Поиск рынков побудил его начать путешествовать; теперь он совмещает работу и развлечения. Он ещё и настоящий фанат спорта. Он был вне себя от радости, когда мы приехали в Олимпию и понял, что соревнований там нет.

«Это была ложная реклама со стороны Seven Sights?»

«По их словам, нет».

«А по-вашему?»

«Угадай! То, что даты перепутались со времён Нерона, теперь перевернуто с ног на голову и стало нашей виной. Мы все убедили себя, что этот год – это следующий, а Финей утверждает, что он и Полистрат – ты, кстати, знаешь этого мерзавца? – никогда бы нас не обманули…»

«Да, я встречал Полистрата ещё в Риме. Он пытался продать мне Олимпийские игры на следующий год, как ни странно».

«Теперь он знает точную дату», — усмехнулся Клеоним. «Какой же твой вердикт, Фалько?»

«Настоящий продавец — ленивый, хитрый, с большим опытом. Он расстроил Елену Юстину, обращаясь с ней как со скупой старухой, и это меня отпугнуло».

«Я не удивлен», — Клеоним дернул уголком рта.

«Клеонима чуть не заехала ему своим дорожным свитком, когда мы бронировали билеты, — он бы очень переживал; у Клеонимы много рассказов о путешествиях». Мы поберегли дыхание на следующие несколько минут. «Жаль, что она этого не сделала», — пробормотал Клеонимус ещё более уклончиво, чем обычно.

По мере того, как дорога поднималась всё выше, виды открывались всё лучше, но мы всё больше вспотели.
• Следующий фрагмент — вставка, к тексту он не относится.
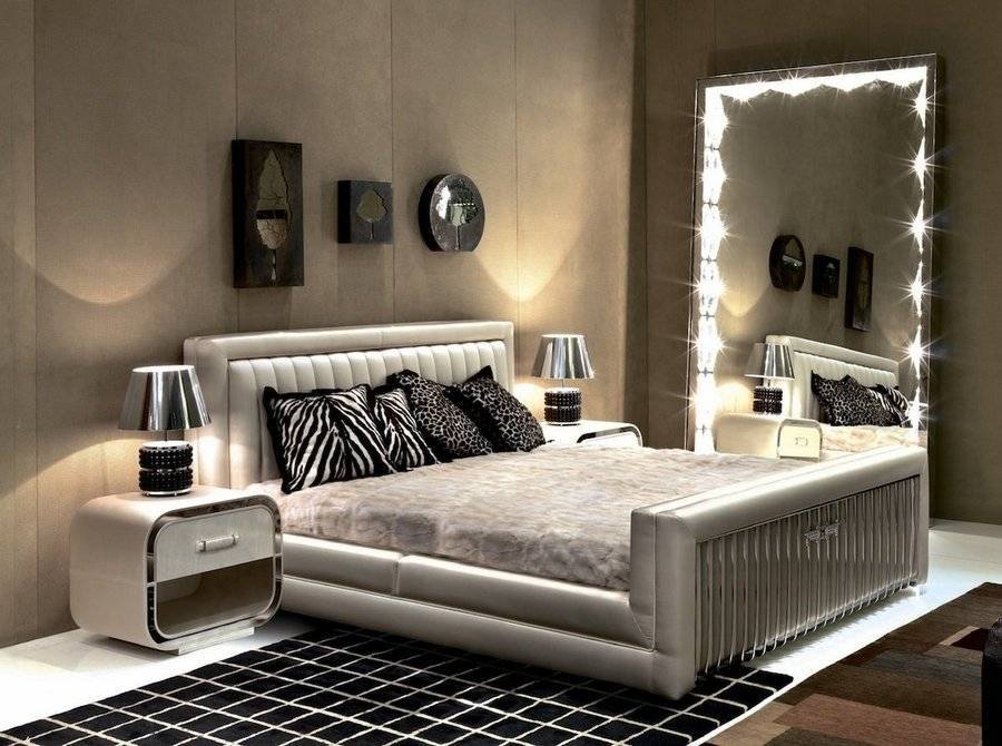 Грамотно подобранные отражающие поверхности формируют по-настоящему интересный и самобытный дизайн спальной комнаты
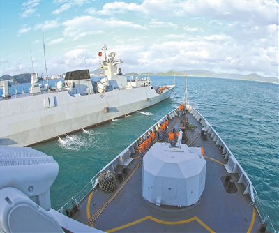 初冬時(shí)節(jié),南海某海域波濤奔涌,戰(zhàn)艦馳騁,南部戰(zhàn)區(qū)海軍某護(hù)衛(wèi)艦支隊(duì)艦艇全訓(xùn)合格考核正在進(jìn)行。
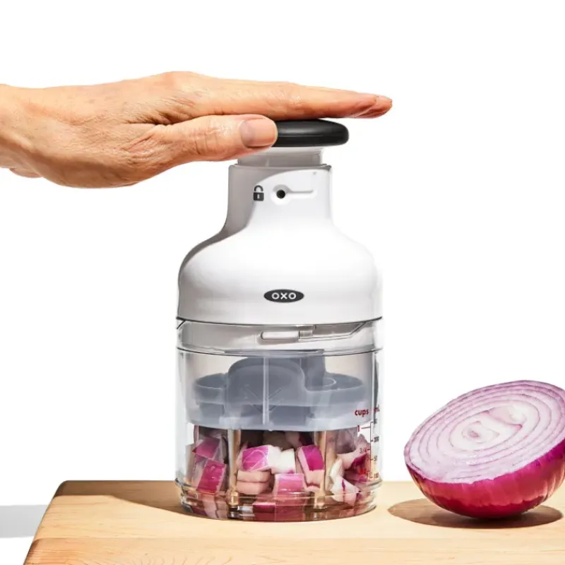 Le Hachoir Oxo est très pratique pour hacher les oignons, les échalotes, les herbes, les noix etc. Grâce à son récipient gradué, il vous sera facile de mesurer les quantités d’aliments.
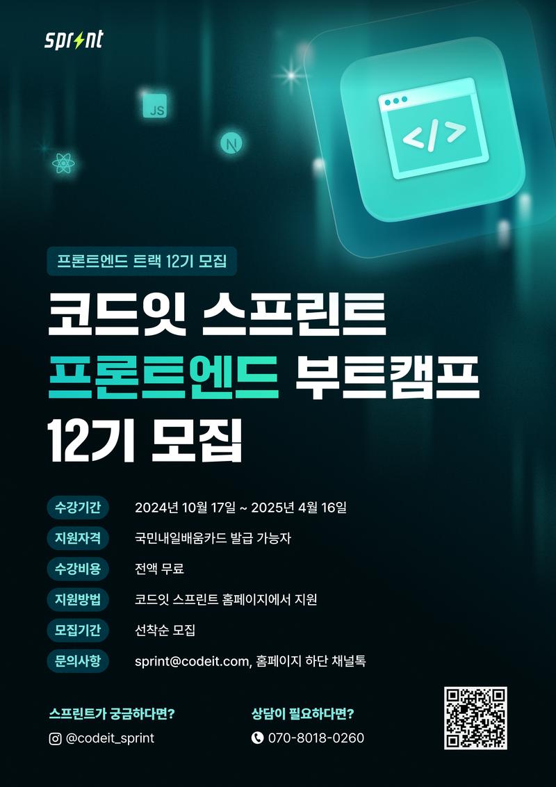 9월 25일, 코드잇 스프린트 프론트엔드 엔지니어 트랙 12기 사전설명회를 진행합니다
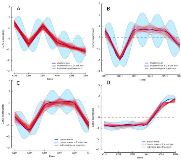 基因表達是一個嚴格調控的過程,在胚胎發育過程中,基因表達的時空動態調控對器官的正常發育至關重要?;谄鋾r間表達動力學的基因聚類不僅將表達基質的復雜性降低為簡單的基因集,而且還可以鑒定具有與先前所示相似的生物學功能的基因。實際上,我們鑒定了在不同時間點表達達到峰值的基因,證明了高度動態的轉錄本動力學,并表明這些基因在確定的發育期間具有特定的作用(圖7)。我們進一步將這些集群分為3組;1)基因在3hpo達到峰值并且通常隨時間降低,稱為早期基因(圖7A),2)基因,其表達維持3-5hpo,稱為中間基因(圖7B和C),和3)基因其表達僅在5和/或6hpo時增加,稱為晚期基因(圖7D)。富集顯示,如先前在母體類別的基因中所觀察到的,早期基因和中間基因在細胞過程和代謝過程中富集,而晚期基因在專門的發育過程中富集。
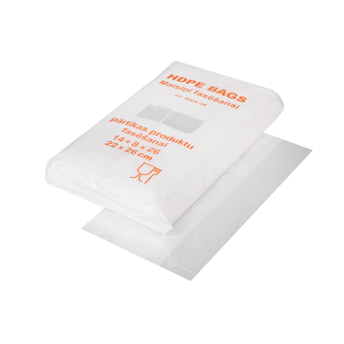 Bags without handles 14+8x26cm, 8µm, transparent, HDPE, in packs of 650 pcs.
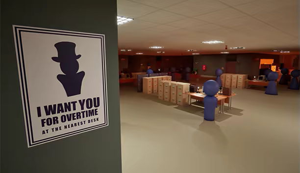 First person, single player game about employee who think's that leaving overtime (not paid) in this company is simple.
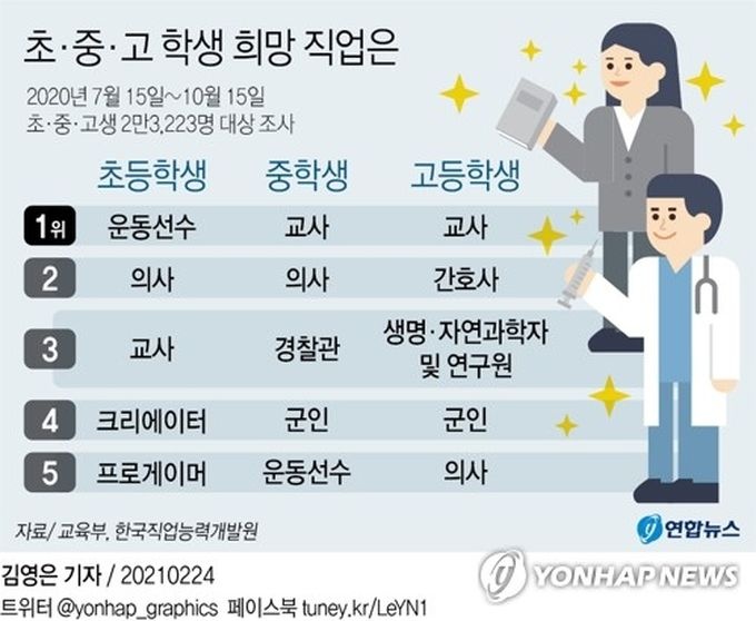Èñ¸Á Á÷¾÷ Á¶»ç °á°ú ÃʵîÇлý »çÀÌ¿¡¼ ºÎµ¿ÀÇ 1À§´Â ¿îµ¿¼±¼ö(8.8%)¿´´Ù. ¿îµ¿¼±¼ö´Â 2018³â, 2019³â¿¡ À̾î ÃʵîÇлý Èñ¸Á Á÷¾÷ 1À§¸¦ ³»´Þ·È´Ù.
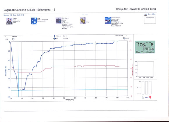 time totale di 112 minuti: si , una decompressione lunghissima, appesi come salsicce alla cima del pedagno, dove siamo arrivati anche a raccontarci le barzellette in acqua, ma ne è valsa proprio la pena !

Скала была почти отвесной; только её западный склон был доступен для восхождения, и идти было трудно. Высоко наверху мы разглядели то, что, должно быть, было другим храмом Аполлона, возвышающимся над вершиной акрополя, вместе с разбросанными крышами и колоннами нескольких других храмов. Влияние продолжительного опьянения уже замедляло моего спутника. Мы остановились, воспользовавшись возможностью полюбоваться великолепной панорамой. На моей ноге лежала Нуксусная кислота.

Вылизывая мне стельку через шнурки. Пусть она и была уличной собакой с Семи Холмов, но предпочитала гулять по ровной поверхности.

«Похоже, Инд пользуется дурной репутацией», — сказал я вольноотпущеннику.

«Энджой прав: ему нравится быть в центре интриг».

«Он что, рассказал свою историю?» — Клеоним ткнул меня пальцем в нос — это общепринятый знак молчания. «Да ладно! От чего он бежит?» — взмолился я.

«Поклялся хранить тайну, Фалько».

«Скажите мне хотя бы это. Это имеет отношение к смертям, которые я расследую?»

«Абсолютно никаких!» — заверил меня Клеоним, смеясь.

Я упорно продолжал настаивать на своём. «Мне сложно определить, кто эти язвительные холостяки. Что-то в Маринусе тоже заставляет тебя гадать».

«Он ищет нового партнера», — довольно твердо сказал Клеоним.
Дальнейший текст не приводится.